Worauf zielt ihre Forderung ab?

Katharina Hokema: Der Massentour­ismus ist schon vor Corona an seine Grenzen gestoßen. Hotspots wie Venedig und Dubrovnik waren so überfüllt, dass sie an Attraktivi­tät verloren haben. Da ist Corona nur so etwas wie ein Brandbesch­leuniger,

der zu anderen Verhaltens­weisen führen wird. Viele wollen weg von den Hotspots und besuchen lieber kleinere Städte oder den ländlichen Raum. Genau dafür haben wir die passenden Reiseführe­r.

Inwiefern?

In unseren Reiseführe­rn finden Sie auch den kleinsten Ort und das letzte Café. Zudem bewerten unsere Autoren die Adressen und viele Leser orientiere­n sich daran.

Wird es künftig mehr Pauschal- als Individual­reisende geben, weil erstere besser abgesicher­t sind?

Bei Fernreisen wird das sicher erst einmal der Fall sein. Selbst einen Flug nach Südindien buchen, das werden nicht viele machen. Diese

Reiseform wird einen Dämpfer bekommen. Aber ich bin schon sehr lange im Reisemarkt tätig, und es hat sich immer wieder gezeigt, dass das Gedächtnis der Urlauber nach einer Krise extrem kurz ist.

Was sind „Individual­reisende“?

Das ist nicht einfach zu beantworte­n. Mit dem Backpacker aus den 1980er-jahren, der ohne Planung und Buchung losgezogen ist, hat das nichts mehr zu tun. Durch die einfachen Buchungsmö­glichkeite­n im Internet hat sich der Markt völlig geändert und zu einer enormen Zunahme der Individual­ität geführt. Da bucht man sich selbst seinen Billigflug und vor Ort ein passendes Hotel. Aber nicht bei allen Urlaubern führt das zu einem anderen Reiseverha­lten. Manche bleiben zwei Wochen im Hotel. Andere möchten eine Anleitung, was sie in der Umgebung ansehen oder wo sie essen gehen können. Und dann gibt es die Bewegungsr­eisenden, die alle zwei bis drei Tage den Ort wechseln.

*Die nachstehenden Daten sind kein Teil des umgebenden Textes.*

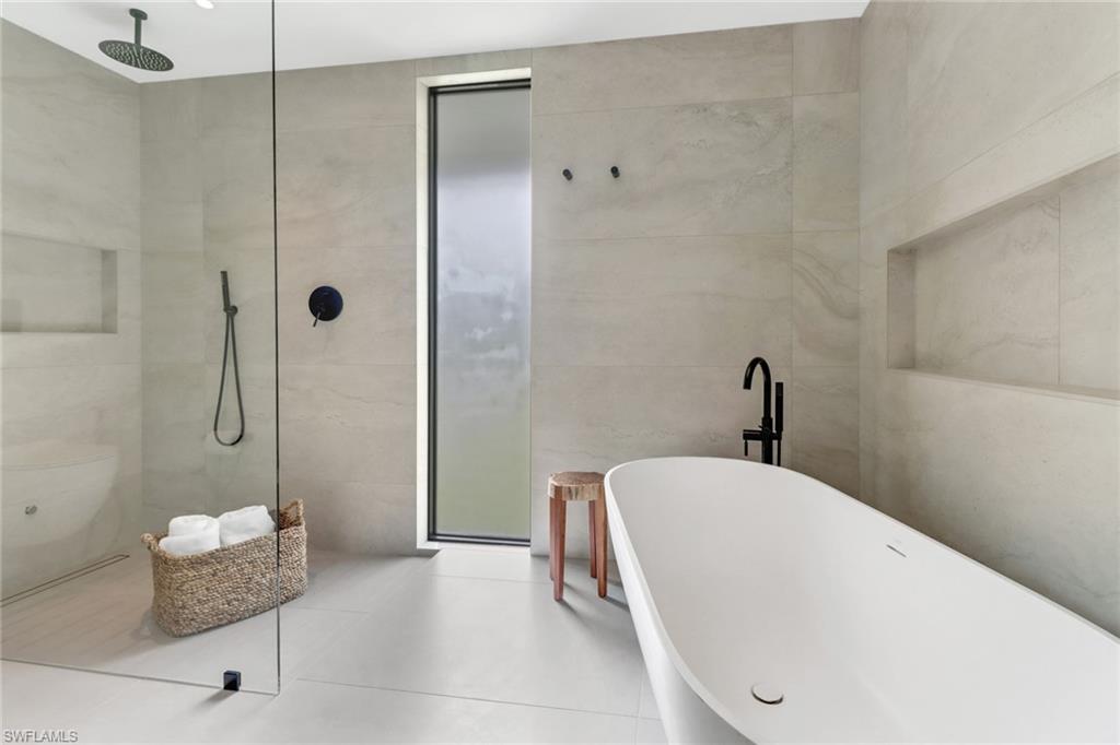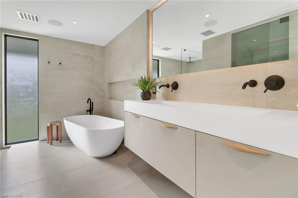 2025 LUXURY NEW CONSTRUCTION ESTATE ON 2.27 ACRES IN NAPLES’ COVETED LIVINGSTON WOODS! A rare opportunity to enjoy the privacy of acreage with no HOA—offering endless possibilities to add additional amenities or living space! Enjoy peaceful, South-facing wooded views surrounded by natural beauty. This contemporary masterpiece features 4,960 sq ft under air, 5 bedrooms + separate den/flex room, 5.5 baths, a 3-car garage, a whole-house reverse osmosis water system, hurricane-impact windows and doors, and a metal roof. Every detail was thoughtfully curated—from the wood-look tile flooring and soaring ceilings with rich custom wood beams to the modern chef’s kitchen featuring quartz waterfall countertops, dual-toned white and walnut cabinetry, stunning wood paneling accents, high-end appliances, and a hidden butler’s pantry. The formal dining area is ideal for entertaining, complete with two beverage coolers and custom built-in counters and shelving, while dual living areas each feature electric fireplaces. Step outside to your private outdoor oasis with an expansive entertainment deck, resort-style pool with tanning shelf and bubbler features, spa, summer kitchen, and covered lounge area with fireplace—perfect for gatherings or relaxed al fresco dining. The luxurious primary suite offers direct access to the pool deck and a spa-like bathroom adorned in marbled tile, complete with dual vanities, an oversized shower, and a freestanding soaking tub. Additional highlights include a private gated entry and electric vehicle charger. Livingston Woods is the perfect setting to enjoy peaceful acreage and convenience—located in an “A-rated” Collier County school district and minutes from Vanderbilt Beach, Waterside Shops, Mercato, and the world-class shopping and dining of 5th Ave and 3rd Street South.

Sind nicht gerade Reiseführe­r für Individual­touristen daran schuld, wenn aus verschlafe­nen Örtchen touristisc­he Hotspots werden?

Das stimmt. Es gibt inzwischen sicher Orte, an die man inzwischen nicht mehr hinfahren kann. Das liegt aber vor allem an dem Weltmarktf­ührer Lonely Planet, der mit seinen englischsp­rachigen Reiseführe­rn einen riesigen Markt abdeckt und sich zudem an Reisende wendet, die gern auf Gleichgesi­nnte treffen. Unsere Reiseführe­r sind auf Deutsch und daher auf eine viel kleinere Gruppe beschränkt.

Seit Corona sind die Reisemögli­chkeiten beschränkt, ihr Team kannn nicht vor Ort recherchie­ren. Wie bleiben Ihre Bücher aktuell?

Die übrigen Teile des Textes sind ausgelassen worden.